**About this exercise:** Repeat these records exactly, pictures excluded.

****

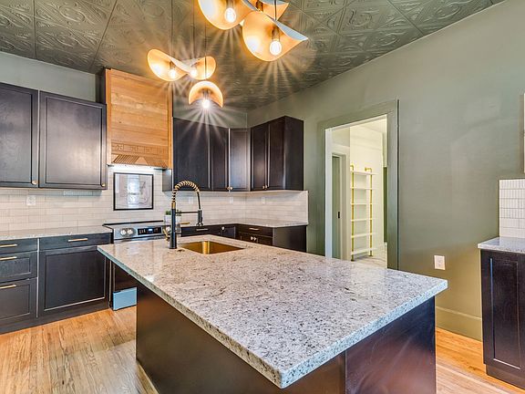 Discover the perfect blend of historic charm and modern updates at 1007 N. Faulkner, located just steps away from the Arkansas River in the highly sought-after Riverside community. This beautifully updated bungalow invites you in with a spacious front porch, a new roof and gutters, a detached garage, and a fenced yard—perfect for relaxing or entertaining. Inside, you’ll love the newly refinished hardwood floors, fresh paint, designer lighting, and a brand-new kitchen featuring bold cabinetry, sleek granite counters, a gold-tone sink, and a nod to the past with a vintage stove hood that sets the tone for this home’s unique personality. The living and dining spaces showcase show-stopping ceiling details and an original fireplace, creating a warm, inviting atmosphere. The main floor also offers two bedrooms with a Jack-and-Jill bathroom, a half bath with an antique dresser vanity, a pantry off the kitchen, and a laundry area for added convenience. Upstairs, retreat to a private primary suite with a walk-in closet and a luxurious bathroom featuring a stand-alone soaker tub, oversized shower, granite vanity, and private water closet—a true spa-like escape. This home artfully combines the best of old and new—from its bold, color-drenched rooms and modern LED lighting to its historic details—offering character you won’t find in cookie-cutter homes. Enjoy the walkable lifestyle Riverside is famous for with parks, Wichita history, and the river just steps away!
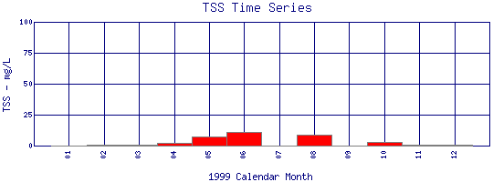 Total Suspended Solids Time Series for 1999 Boulder Creek at Eben G. Fine Park |
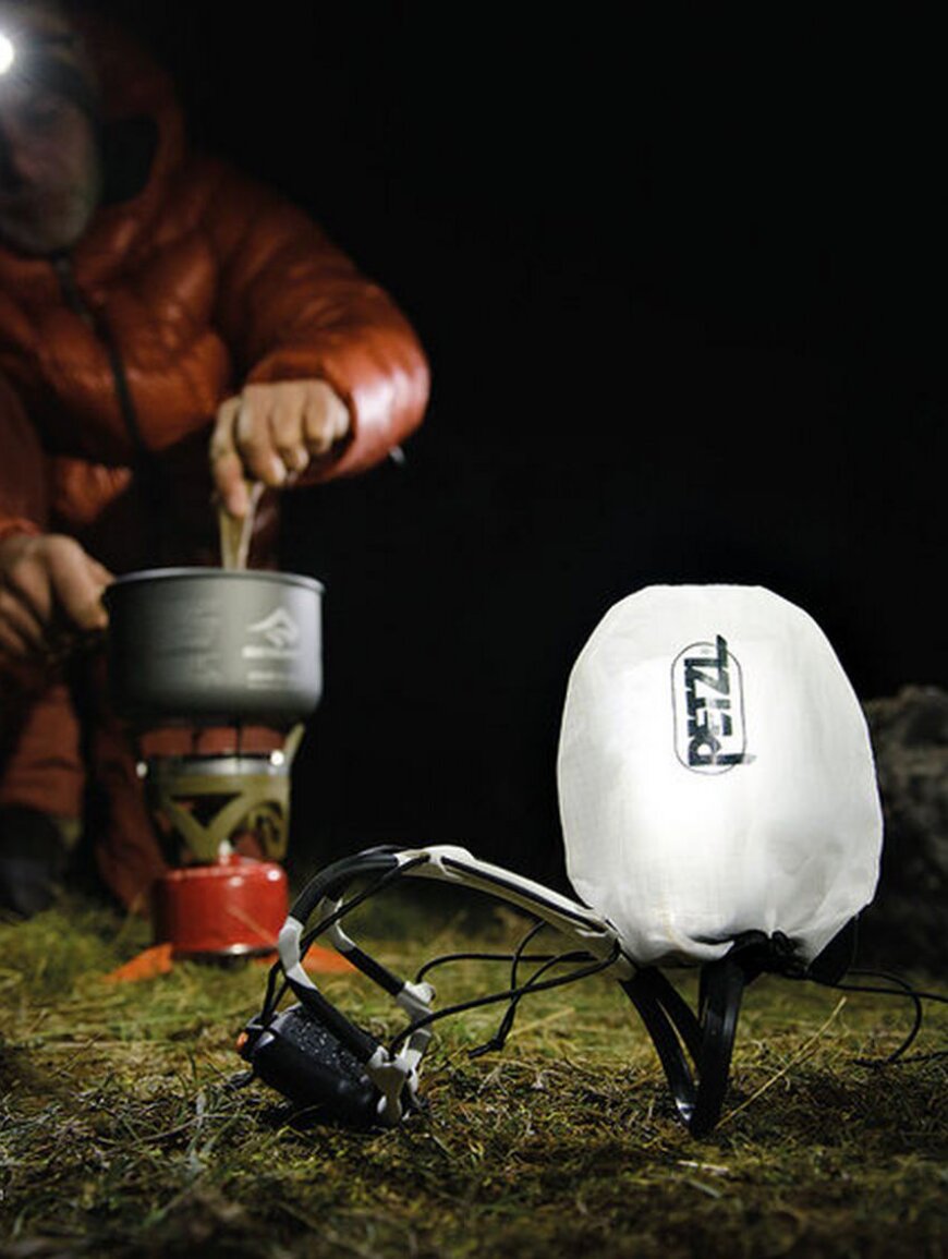 Специальный чехол для налобных фонарей PETZL, который защитит ваш фонарик от царапин во время переноски в рюкзаке. Но он фактически наполовину прозрачен и позволяет рассеивать свет, превращая ваш налобный фонарик в небольшую кемпинговую лампу, которую вы можете носить на голове или положить на любую поверхность. Чехол оснащен достаточно длинной стропой, которая закрывает сам чехол и позволяет его подвесить в палатке или ветке.
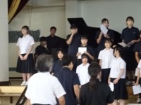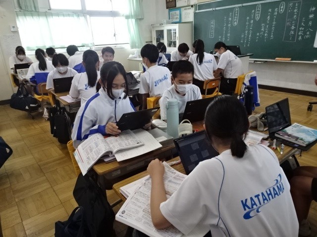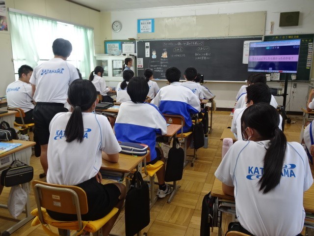 3年生は、A組が数学と国語、B組が道徳でした。数学は2次関数を使ってリレーでタイムロスをしない条件を考えていました。また、国語では3つの短歌の中から課題に一番合うと思うものを選びその根拠を友人に伝える授業でした。何度か相手を変えて伝えていくうちに選んだ理由がはっきりとしていきました。道徳は、「二通の手紙」です。価値にそって自分事として語り合っていたので、決まりの大切さに揺れる思いを深めることができました。
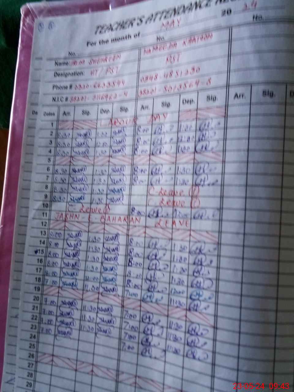 | Name: Ir**** Sh**** Designation: (School Headmaster's/Headmistress's) PST Phone/Cell Number: 03**** |
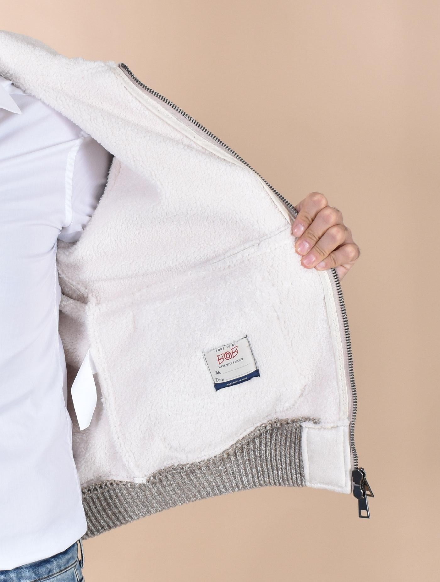 Giubbotto eco-pelle scamosciata colore bianco panna con colletto in pelliccia, maniche in magia a contrasto beige. Chiusura con cerniera in metallo a doppio cursore. Made in Italy.
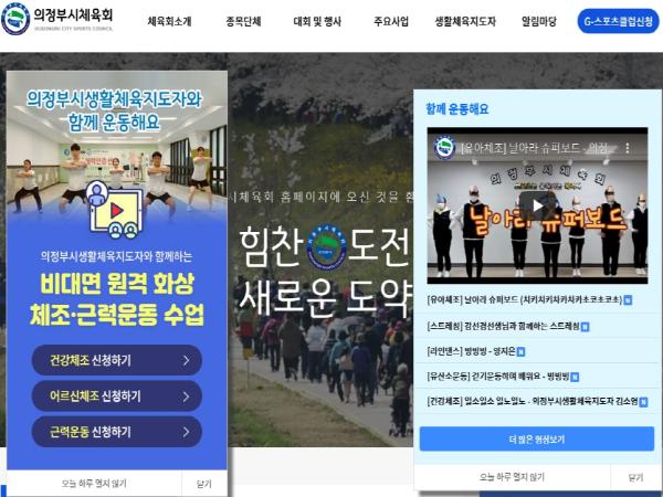[한국연예축제일보, 유혜경기자] 의정부시는 시민들의 체력 증진을 위해서 온라인 생활체육 홈트레이닝 영상 제공과 함께 비대면 화상수업(Zoom 앱 활용)을 운영한다.
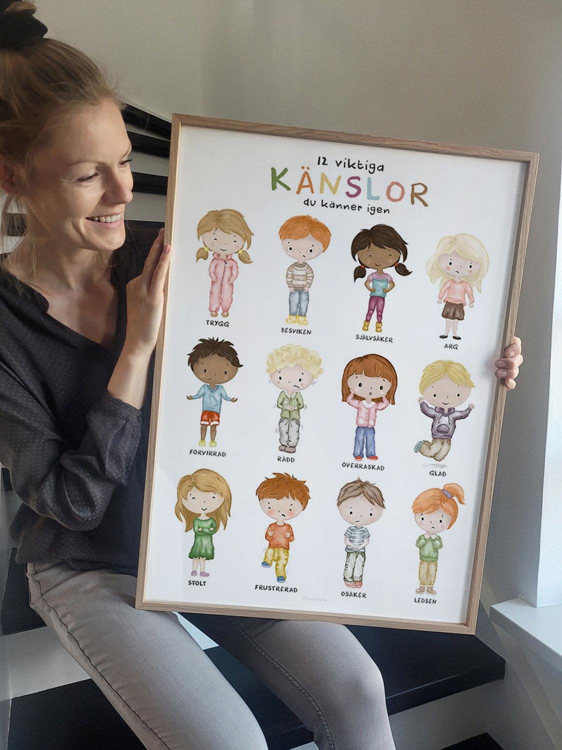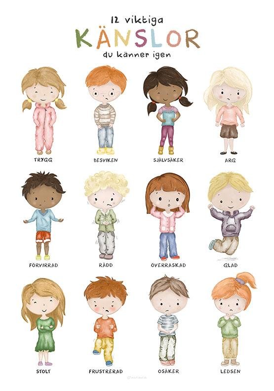 En känsloaffisch kan användas som ett verktyg för att prata om de sprudlande, glada känslorna men också – inte minst – de tunga och svåra. Att se en teckning av ett barn som visar en viss känsla gör det lättare att förstå och våga vara i den. Affischen är tänkt att visa att alla känslor är okej. När man förstår sina egna känslor bättre och kan sätta ord på dem blir det också lättare att hantera de känslor som är svåra att bära inom sig.
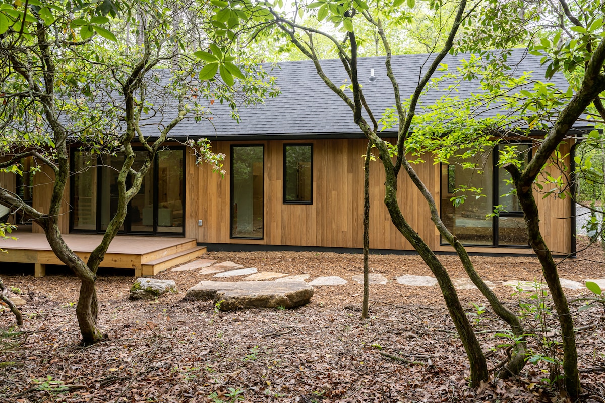 Retraite à Asheville construite en 2024 avec foyer et cheminée
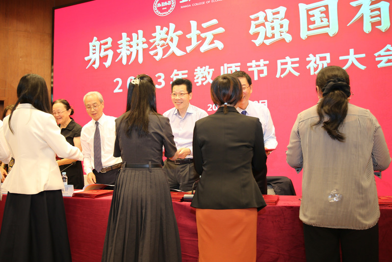 会上,鲍贤嗣董事长、陆朴鸣监事长、张定铨董事、徐征副校长、梁副校长以及党委副书记郑虹分别宣读了“突出贡献奖”、教学竞赛获奖教师名单、“贤达学术骨干”培养计划入选通知、“优秀科技工作者”表彰决定、“教学名师”入选通知和“优秀教师”“优秀教育工作者”表彰决定,校领导们依次为获奖教师颁奖。

****

**Exercise output:**
 Discover the perfect blend of historic charm and modern updates at 1007 N. Faulkner, located just steps away from the Arkansas River in the highly sought-after Riverside community. This beautifully updated bungalow invites you in with a spacious front porch, a new roof and gutters, a detached garage, and a fenced yard—perfect for relaxing or entertaining. Inside, you’ll love the newly refinished hardwood floors, fresh paint, designer lighting, and a brand-new kitchen featuring bold cabinetry, sleek granite counters, a gold-tone sink, and a nod to the past with a vintage stove hood that sets the tone for this home’s unique personality. The living and dining spaces showcase show-stopping ceiling details and an original fireplace, creating a warm, inviting atmosphere. The main floor also offers two bedrooms with a Jack-and-Jill bathroom, a half bath with an antique dresser vanity, a pantry off the kitchen, and a laundry area for added convenience. Upstairs, retreat to a private primary suite with a walk-in closet and a luxurious bathroom featuring a stand-alone soaker tub, oversized shower, granite vanity, and private water closet—a true spa-like escape. This home artfully combines the best of old and new—from its bold, color-drenched rooms and modern LED lighting to its historic details—offering character you won’t find in cookie-cutter homes. Enjoy the walkable lifestyle Riverside is famous for with parks, Wichita history, and the river just steps away!
 Total Suspended Solids Time Series for 1999 Boulder Creek at Eben G. Fine Park |
 Специальный чехол для налобных фонарей PETZL, который защитит ваш фонарик от царапин во время переноски в рюкзаке. Но он фактически наполовину прозрачен и позволяет рассеивать свет, превращая ваш налобный фонарик в небольшую кемпинговую лампу, которую вы можете носить на голове или положить на любую поверхность. Чехол оснащен достаточно длинной стропой, которая закрывает сам чехол и позволяет его подвесить в палатке или ветке.
 3年生は、A組が数学と国語、B組が道徳でした。数学は2次関数を使ってリレーでタイムロスをしない条件を考えていました。また、国語では3つの短歌の中から課題に一番合うと思うものを選びその根拠を友人に伝える授業でした。何度か相手を変えて伝えていくうちに選んだ理由がはっきりとしていきました。道徳は、「二通の手紙」です。価値にそって自分事として語り合っていたので、決まりの大切さに揺れる思いを深めることができました。
 | Name: Ir**** Sh**** Designation: (School Headmaster's/Headmistress's) PST Phone/Cell Number: 03**** |
 Giubbotto eco-pelle scamosciata colore bianco panna con colletto in pelliccia, maniche in magia a contrasto beige. Chiusura con cerniera in metallo a doppio cursore. Made in Italy.
[한국연예축제일보, 유혜경기자] 의정부시는 시민들의 체력 증진을 위해서 온라인 생활체육 홈트레이닝 영상 제공과 함께 비대면 화상수업(Zoom 앱 활용)을 운영한다.
 En känsloaffisch kan användas som ett verktyg för att prata om de sprudlande, glada känslorna men också – inte minst – de tunga och svåra. Att se en teckning av ett barn som visar en viss känsla gör det lättare att förstå och våga vara i den. Affischen är tänkt att visa att alla känslor är okej. När man förstår sina egna känslor bättre och kan sätta ord på dem blir det också lättare att hantera de känslor som är svåra att bära inom sig.
 Retraite à Asheville construite en 2024 avec foyer et cheminée
 会上,鲍贤嗣董事长、陆朴鸣监事长、张定铨董事、徐征副校长、梁副校长以及党委副书记郑虹分别宣读了“突出贡献奖”、教学竞赛获奖教师名单、“贤达学术骨干”培养计划入选通知、“优秀科技工作者”表彰决定、“教学名师”入选通知和“优秀教师”“优秀教育工作者”表彰决定,校领导们依次为获奖教师颁奖。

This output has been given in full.